Britain's attempts to keep the gas supply from hitting dangerously low levels has been dealt a blow by British Gas owner Centrica after it shelved plans for two storage projects at a cost of £240m.

The country came within six hours of running out of gas in March after the prolonged spell of cold weather and there were warnings at the time that supply could be affected.

Centrica's decision to ditch the gas storage plans will leave the UK with only around 15 days of gas supply in storage - and make the country increasingly reliant on imported gas.

Germany has around 99 days of gas storage capacity and France has 122 days of supply.

The energy firm had planned a £1.5bn conversion of the Baird depleted gas field off the North Norfolk coast, which would have held 13.5 days of gas on peak demand.

It would have become Britain's second-biggest gas storage site and the projects would have created 1,000 construction jobs.

It also put on hold indefinitely its much smaller project to convert a depleted gas field at Caythorpe in East Yorkshire into a storage facility.

Michael Fallon Michael Fallon has ruled out subsidies for storage schemes

Centrica had already spent £240m on acquiring the two sites, plus engineering costs.

The firm said the decision was taken after the Government announced it would not subsidise new gas storage projects.

Centrica said: "This decision was taken in light of weak economics for storage projects and the announcement by the UK Government on September 4 ruling out intervention in the market to encourage additional gas storage capacity to be built."

Centrica commissioned two reports on gas storage, which found subsidising it would have added between 40p and 80p a year to customers' bills over 25 years.

Energy minister Michael Fallon argued the decision not to subsidise gas will save consumers £750m over a decade.

A spokeswoman for the Department of Energy and Climate Change said: "The UK has the capacity to deliver twice the amount of gas required on a normal winter's day, and has coped well with recent extreme winter conditions. Gas storage, while important, only provides a small proportion of UK total supply.

"Subsidising storage risks adding significant costs to consumer bills, with the costs of the subsidy outweighing any benefits to security of supply."

Centrica is also reportedly planning to add an average of £100 to annual bills despite vowing earlier this year to use an earnings windfall from the cold weather to keep a lid on tariffs.

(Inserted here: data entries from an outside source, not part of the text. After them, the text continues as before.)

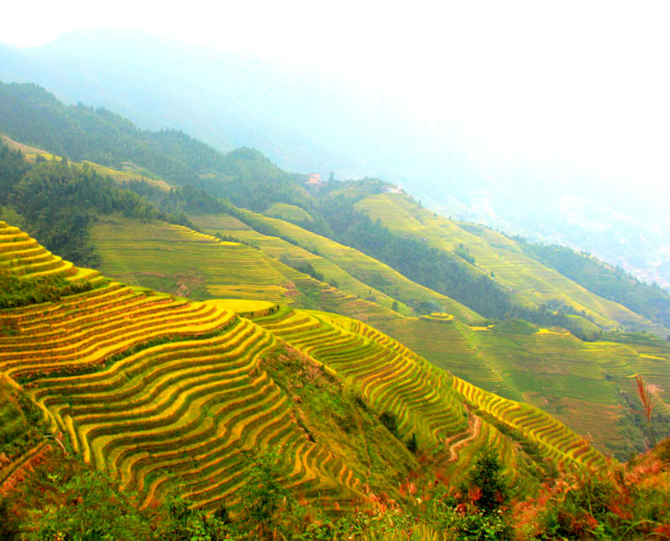 对于龙脊梯田,黄姚古镇的青石板路只是开胃菜,龙脊梯田上山的路都是石板砌成的。凹凸不平,沿着石板路徒步探险,一步一景,早起到西山韶乐看日出,宁静美好,眼球沐浴在薄雾中,静静等待着,橘红色的天体临幸。”天上人间之龙脊”大致也就源于此吧。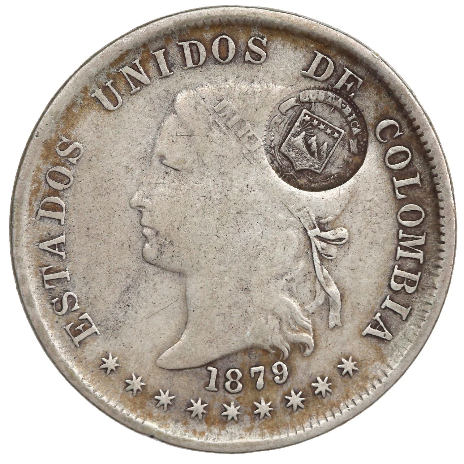 Costa Rica, 50 centavos, "lion" double countermark (Type VII, 1889), on a Bogota, Colombia, 50 centavos, 1879. KM-134.1. 12.28 grams. VF double countermark on a VF host coin, gray-toned surfaces with some rainbow hues.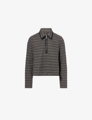 Long-Sleeve Metallic-Knit Stretch-Jersey Top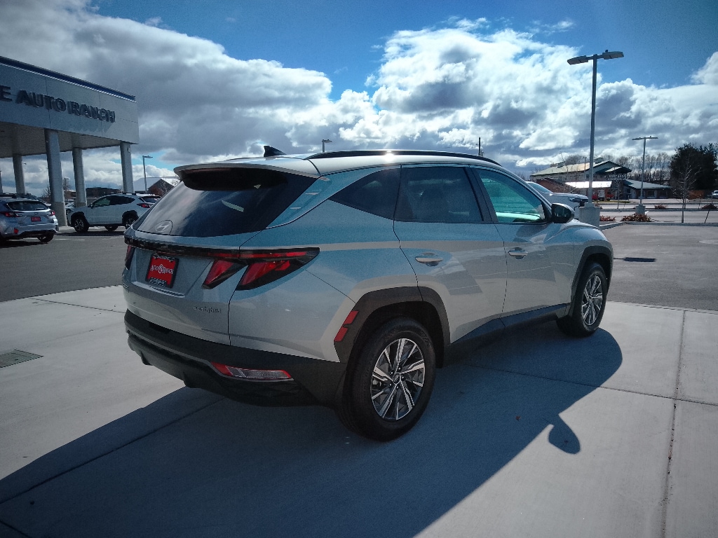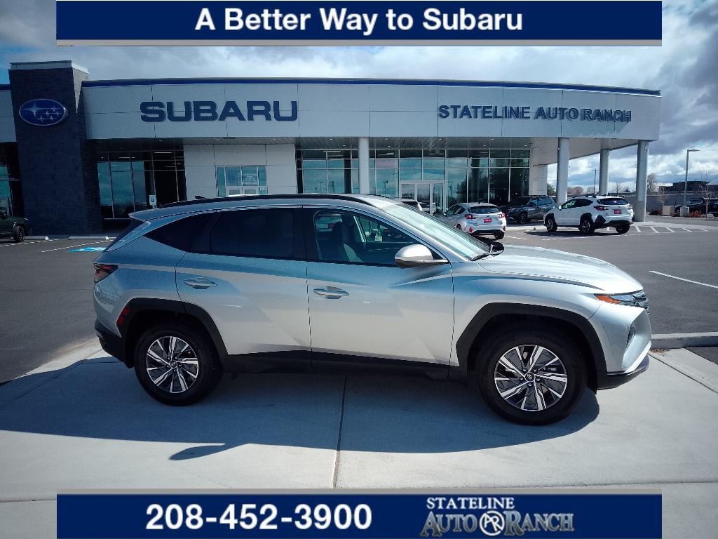 2024 Hyundai Tucson Hybrid Blue â" low mileage, great value, located in Fruitland, ID. This eye-catching Hyundai Tucson Hybrid combines efficiency and capability with its 4WD system and advanced 4-cylinder 1.6L Full Hybrid Electric (FHEV) powertrain, delivering strong fuel economy without sacrificing performance. With just 22,748 miles, this gently pre-owned crossover offers years of reliable driving ahead. Comfort and convenience are highlighted by automatic climate control and remote start, making every drive pleasant whether you're heading to work or exploring Idaho back roads. Stay connected and entertained with seamless Apple CarPlay and Android Auto integration, while the back-up camera enhances safety and confidence when parking or reversing. The Blue exterior presents a modern, refined look that pairs perfectly with a well-maintained interior. The hybrid drivetrain provides smooth acceleration and intelligent energy management for lower running costs and reduced emissions. Four-wheel drive adds traction and stability through changing weather and terrain, giving you versatility for seasonal conditions. Priced competitively â" the best price available for this model in the area â" this Hyundai Tucson Hybrid delivers exceptional value for drivers seeking low mileage, advanced technology, and hybrid efficiency. Visit Fruitland, ID to test drive and see why this 2024 Hyundai Tucson Hybrid is an outstanding choice for practical, eco-conscious driving.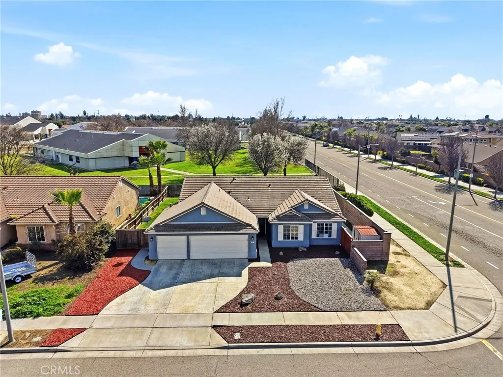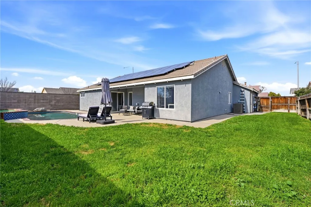Positioned on a prime corner lot, with seller incentives available, this rare 5-bedroom, 2 bath home offers space, privacy, and standout curb appeal in NW Lemoore. Inside, you'll find new laminate flooring throughout and a light, open-concept layout with vaulted ceilings. The spacious kitchen features granite counters, ample cabinetry, and a breakfast bar that opens seamlessly to the living area, complete with fireplace and backyard views. The primary suite offers direct patio access and a beautifully updated en-suite bath with dual vanities, soaking tub, and walk-in shower. Step outside to your private backyard retreat with a sparkling pool, perfect for summer gatherings and relaxing evenings. Solar has covered the sellers' usage even with the pool and a Tesla charger in the garage, offering meaningful energy savings. Additional highlights include a 3-car garage, whole-house water filtration system, security system, upgraded pool equipment, and smart sprinkler controls. Conveniently located near schools, parks, Lemoore NAS, and quick access to Hwy 198 & 41, this is the space, functionality, and efficiency buyers have been waiting for. Schedule your showing today!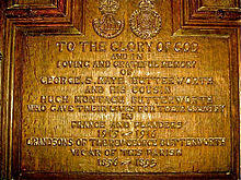 Butterworth's body was never recovered (although his unidentified remains may well lie at nearby Pozières Memorial, a Commonwealth War Graves Commission cemetery), and his name appears on the Thiepval Memorial.[2] George Butterworth's The Banks of Green Willow has become synonymous for some with the sacrifice of his generation and has been seen by some as an anthem for all 'Unknown Soldiers'. Sir Alexander Butterworth erected a plaque at St Mary's Priory Church, Deerhurst, Gloucestershire in memory of his son and of his nephew, Hugh, who died at Loos in 1915. (The Rev. George Butterworth, the composer's grandfather, had been vicar of St Mary's in the previous century.[2]) Sir Alexander also arranged the printing in 1918 of a memorial volume in his son's memory. Almost all Butterworth's manuscripts were left to Vaughan Williams, after whose death Ursula Vaughan Williams lodged the original works in the Bodleian, Oxford, and the folk song collection with the EFDSS.[2]
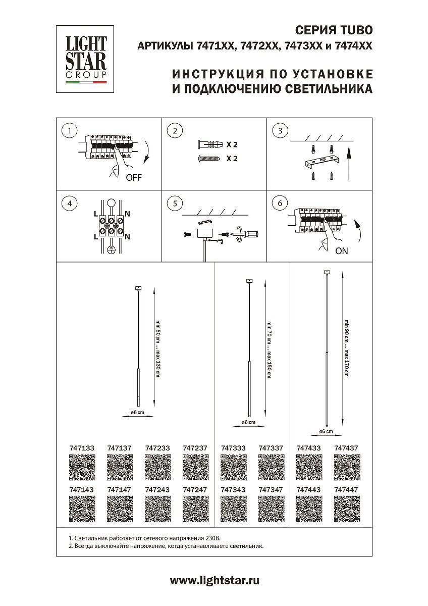 Подвесной светодиодный светильник Lightstar Tubo 747137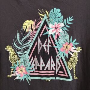 Def Leppard Multicolor Tropical Floral Logo Black Graphic Tshirt Size XL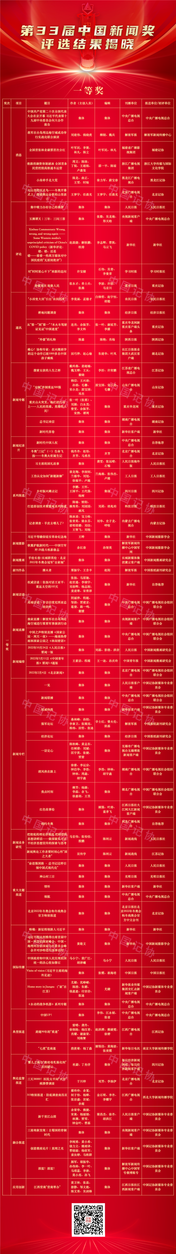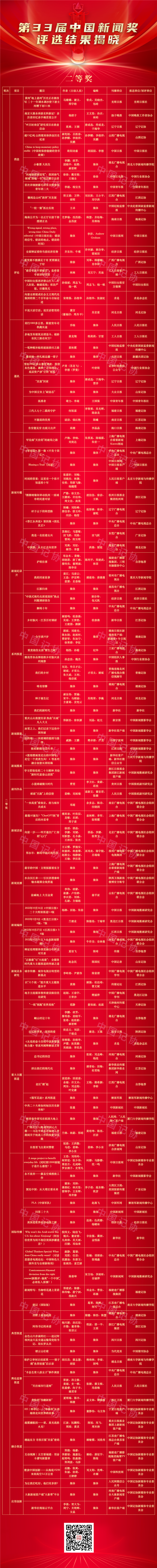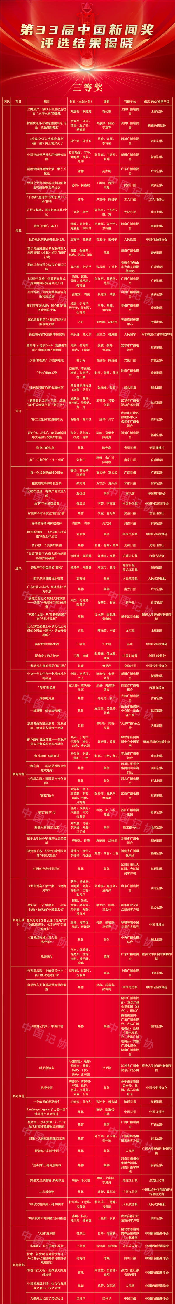 由中華全國新聞工作者協(xié)會主辦的第33屆中國新聞獎評選結(jié)果11月6日揭曉。來自全國各級各類媒體的377件作品獲中國新聞獎,其中,特別獎3件,一等獎73件,二等獎114件,三等獎187件。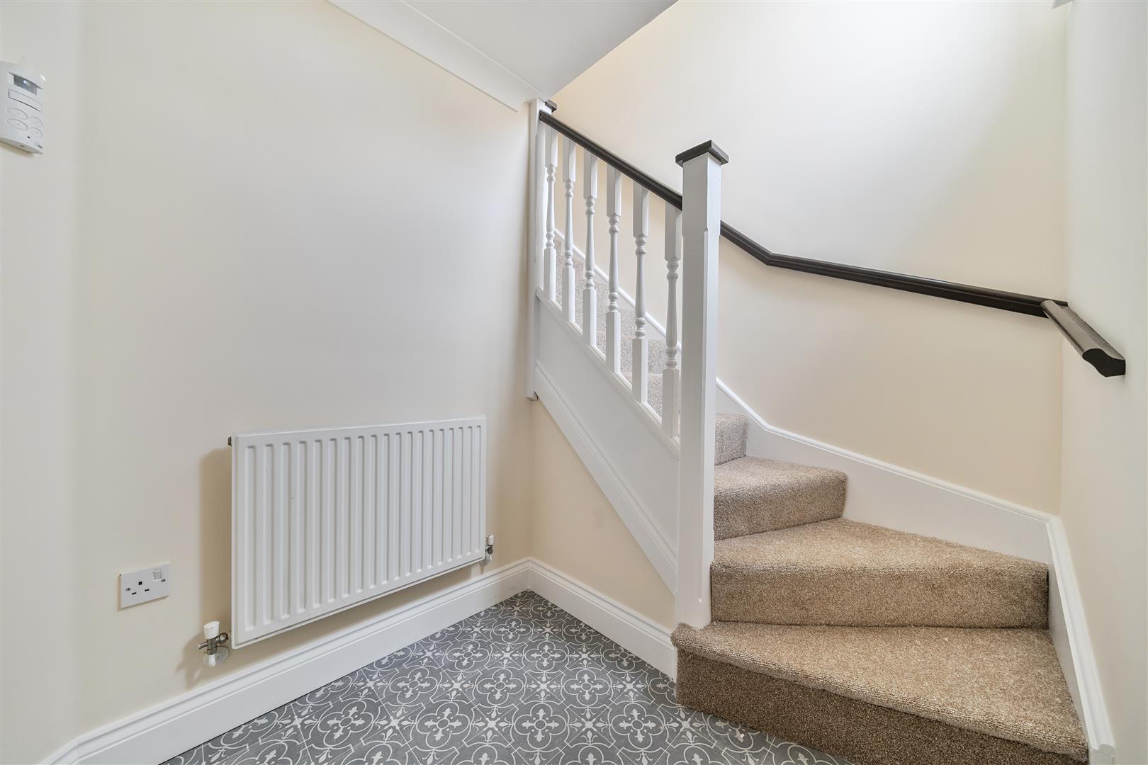 Comprising a range of wall and base units, roll top work surfaces, built in twin oven and gas hob. There is space and associated plumbing for a washing machine, an inset stainless steel sink unit with mixer tap above, space for an upright fridge/freezer and splashback tiling. There is a double glazed window that looks out to the rear, fitted extractor fan, built in cupboard housing replacement combination hot water boiler plus storage space.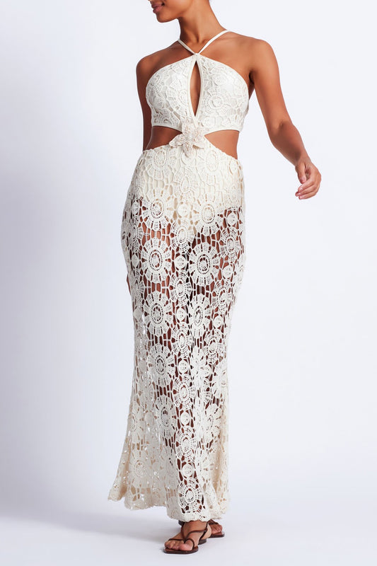 VESTIDO LONGO CROCHÊ NATURAL CHARM OFF WHITE

Earlier this year Centrica also pulled out of plans to build the next generation of new nuclear power plants in the UK, leaving French utility EDF to go it alone.

It comes as a report found that a third of households would like to change their energy provider for a firm offering a cheaper deal but are put off of doing so by the time it takes to switch.

According to independent provider First Utility, if a third of households in the UK did switch they would save £1.5bn on their energy bills.

Richard Lloyd, executive director of Which?, said: "Rising energy prices are consistently one of the top worries for consumers, yet we've found people are so bamboozled by the vast array of tariffs that consumers are paying a staggering £3.9bn a year more for their energy simply by not being on the best deals.

"People should switch to save, we've long called for faster, smoother switching."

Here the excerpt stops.